А переднички, в которые ее всегда наряжали в детстве, да и в юности, скромные до убогости платья, грубые чулки, широкие бесформенные туфли, в которых она ходила до самой свадьбы! Как она мечтала тогда о материнских нарядах и драгоценностях, о ее прогулках! Как завидовала величавым и непринужденным манерам матери, ходившей с видом человека, который знает, что все по праву принадлежит ему. А между тем Ирина боялась открыть рот, произнести хоть одно громкое слово, — так часто ее одергивала мать: «Ирина! Мы не в лесу!», «Ирина, ребенок должен вести себя скромно!» Таким скромным ребенком она и осталась до девятнадцати лет, когда вышла замуж. Несомненно, она и до сих пор ходила бы в старых девах со всеми ее передничками, косичками, «скромностью», с ее страхом перед людьми, с которыми она редко встречалась, если бы жизнь не изменилась до неузнаваемости: отец торопливо и предусмотрительно вышел на пенсию, Санду заявился к ним в дом покупать папину шубу, а мама, напуганная событиями, неожиданно отнеслась к замужеству Ирины равнодушно. Отец, с ужасом ожидавший всяческих неприятностей, обрадовался, что сможет обеспечить счастье дочери, выдав ее за человека с положением, по молодости лет не успевшего совершить ничего предосудительного до 23 августа[16]. А мама, быть может, даже обрадовалась, что уменьшатся хозяйственные расходы. Она отнеслась к этому браку с полным безразличием, разрешила папе поступать, как он находит нужным, но решительно отказалась наделить Ирину хоть каким-нибудь приданым: перевести на ее имя дом, что рядом с почтой, поделиться с ней запасами одежды, отрезами шерсти, кусками кожи, домашними вещами. Ирина получила всего несколько ковров, диван, на котором спала дома, и старый сервантик, давно выставленный на чердак. «Если он ее любит, пусть берет и так, — заявила Адина. — Весьма вероятно, что этот тип зарится на наше состояние и потому просит ее руки. Пусть сперва докажет, что он не действует из низменных, материальных побуждений. Поживем — увидим, тогда и решим».
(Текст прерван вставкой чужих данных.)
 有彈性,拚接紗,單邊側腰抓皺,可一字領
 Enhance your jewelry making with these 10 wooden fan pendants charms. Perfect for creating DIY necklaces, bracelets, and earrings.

Отец все время молчал и только подарил им свой письменный стол и золотые часы с цепочкой — вещи, купленные еще давно на заработанные им деньги.
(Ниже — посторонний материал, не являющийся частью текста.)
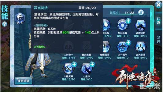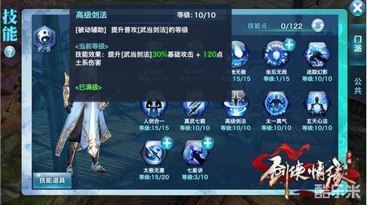 首先,普攻技能武当剑法是必须点满的,因为普攻技能没有CD,是除四大主动技之外的最重要的输出技能,上限20点,点满。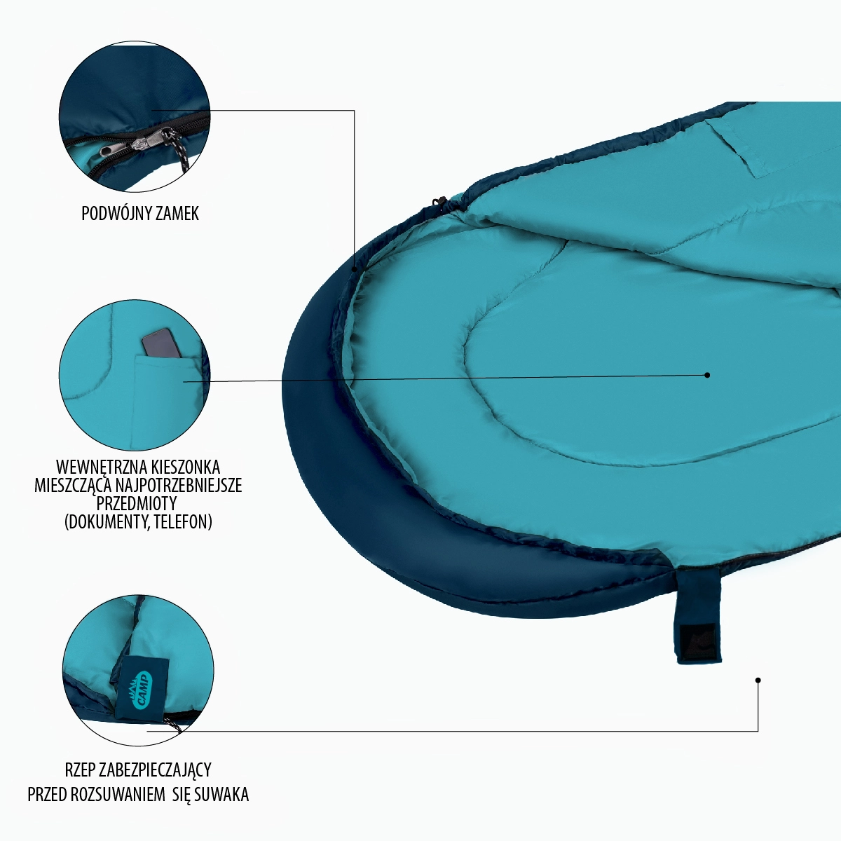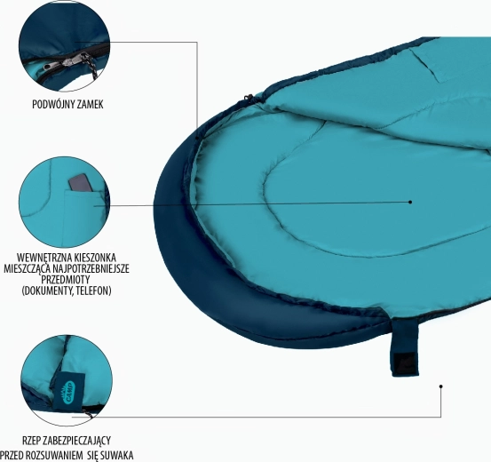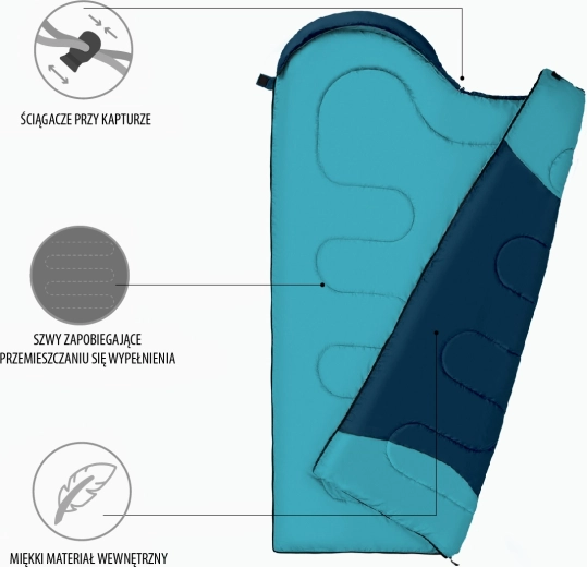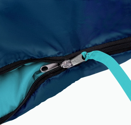 De tweerichtingsrits aan de zijkant en onderkant maakt volledig openen tot deken mogelijk – ideaal voor warmere periodes. Een brede manchet met klittenband voorkomt betrouwbaar ongewenst openen tijdens het slapen. De capuchon met aantrekkoord en koordstopper minimaliseert warmteverlies, terwijl de verlengde constructie meer ruimte en comfort biedt.

Отчаянные крики вернули Ирину к действительности. Извиваясь как рыба, выброшенная на сушу, Нина пыталась вырвать свои черные локоны из крепко сжатых кулачков Туту. Ирина бросилась к детям и разняла их, но с большим трудом, потому что ручки Туту крепко, словно клешни рака, держали все, что схватывали.
— Она забрала мой вагон! — обозленно вопил Туту.
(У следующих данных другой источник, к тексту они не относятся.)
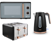 Tower Cavaletto Black/Rose Gold Jug Kettle 4 Slice Toaster Microwave Kitchen Set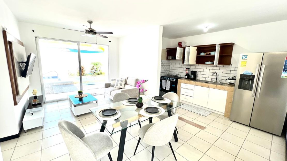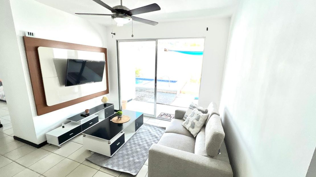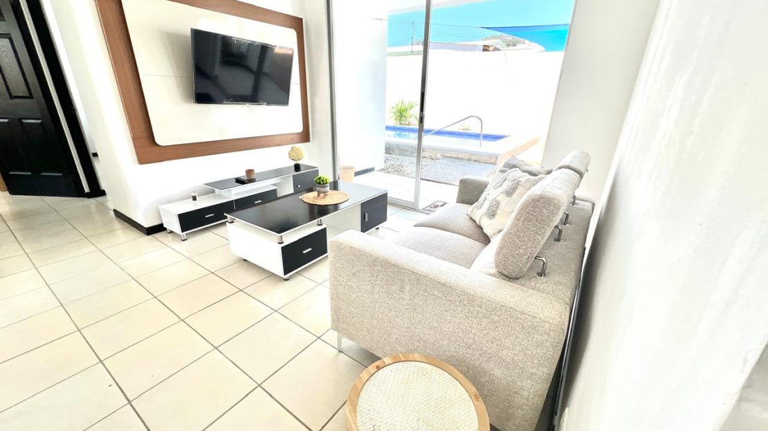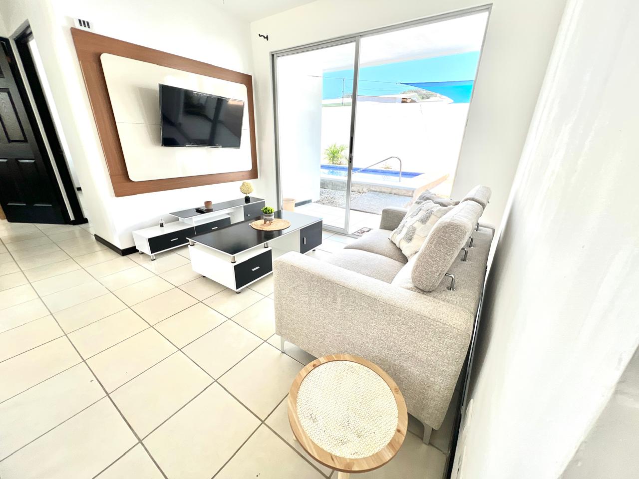 Esta propiedad cuenta con tres amplias habitaciones, dos baños, piscina privada y parqueo para dos vehículos, está lista para ser disfrutada de inmediato.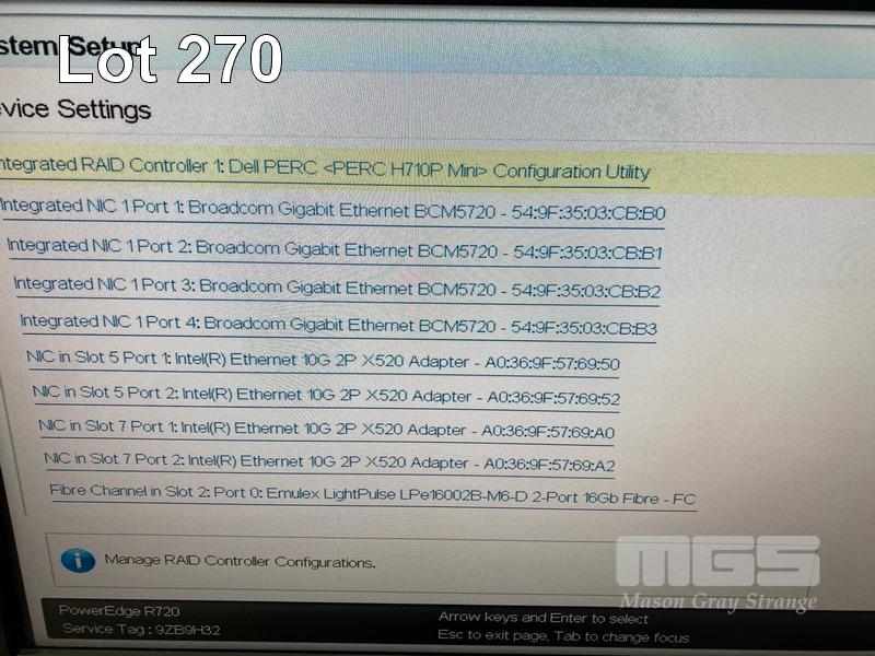 RACKMOUNT SERVER, DELL POWEREDGE R720, 2U, 2 x XEON E5-2650L v2 @ 1.7GHz, 256GB ECC DDR3 RAM, 4 x 300GB SAS HDD, DVD-ROM, 2 x DUAL-PORT 10GbE SFP ADAPTERS (0XYT17), 2 x DUAL-PORT FIBRE ADAPTERS (06VK2R), 2 x 750W PSU WITH RAILS (NO CABLES) S/N:9ZB9H32

— Как так твой вагон, сыночек? Ведь поезд принадлежит вам обоим. Дядя врач подарил его обоим.
— Но мы его поделили, три вагона ей, три вагона мне! — не сдавался Туту. — Почему она забрала мой вагон?
— Потому что он мне нравится! — нежно прошептала Нина, не сводя с матери умоляющих, еще влажных глаз и прижимаясь, как кошечка, к ее ногам.
— Мой вагон тебе нравится? — заорал Туту, размахивая кулаками. Его голубые глаза яростно сверкали.
— Знаете что? Давайте поделим их еще раз, — попыталась Ирина помирить ребят. — Пусть каждый выберет те вагоны, которые ему нравятся, и так уж останется. Нина, доченька, очень некрасиво договариваться, а потом не держать слово.
— Но мне нравятся и голубые вагоны и зеленые! Они все мне нравятся! — прожурчала Нина, запрокидывая головку и очаровательно улыбаясь.
— Ну хорошо, мама вам завтра купит еще один поезд, — сдалась Ирина, — чтобы у каждого был свой поезд. Ну, как, довольны? А пока не деритесь и играйте этим. Хорошо?
Дети примирились, вновь уселись на ковер и, нагнувшись над рельсами, тихо переговаривались:
— Поезд уходит, поезд уходит… ту! ту! ту!
«Как они красивы, как очаровательны! — подумала Ирина. — Как им идут эти белые бархатные костюмчики! А как чудно было бы сделать Нине пальтишко из голубого пушистого материала, что лежит у мамы в сундуке». Ирина уж несколько раз чуть было не попросила его у матери, но вовремя спохватилась, зная, что Адина ответит истеричными рыданиями и яростными упреками: «Теперь, когда мне не на что жить, ты хочешь отобрать и последнее?» А сколько раз Ирина намеревалась просто вынуть материал из сундука без разрешения и отдать портнихе, но все-таки не посмела, страшась бесконечных упреков Адины, которая не преминула бы пожаловаться всем знакомым в городе: «Она меня обокрала! Ограбила! Моя собственная дочь украла у меня последние вещи!»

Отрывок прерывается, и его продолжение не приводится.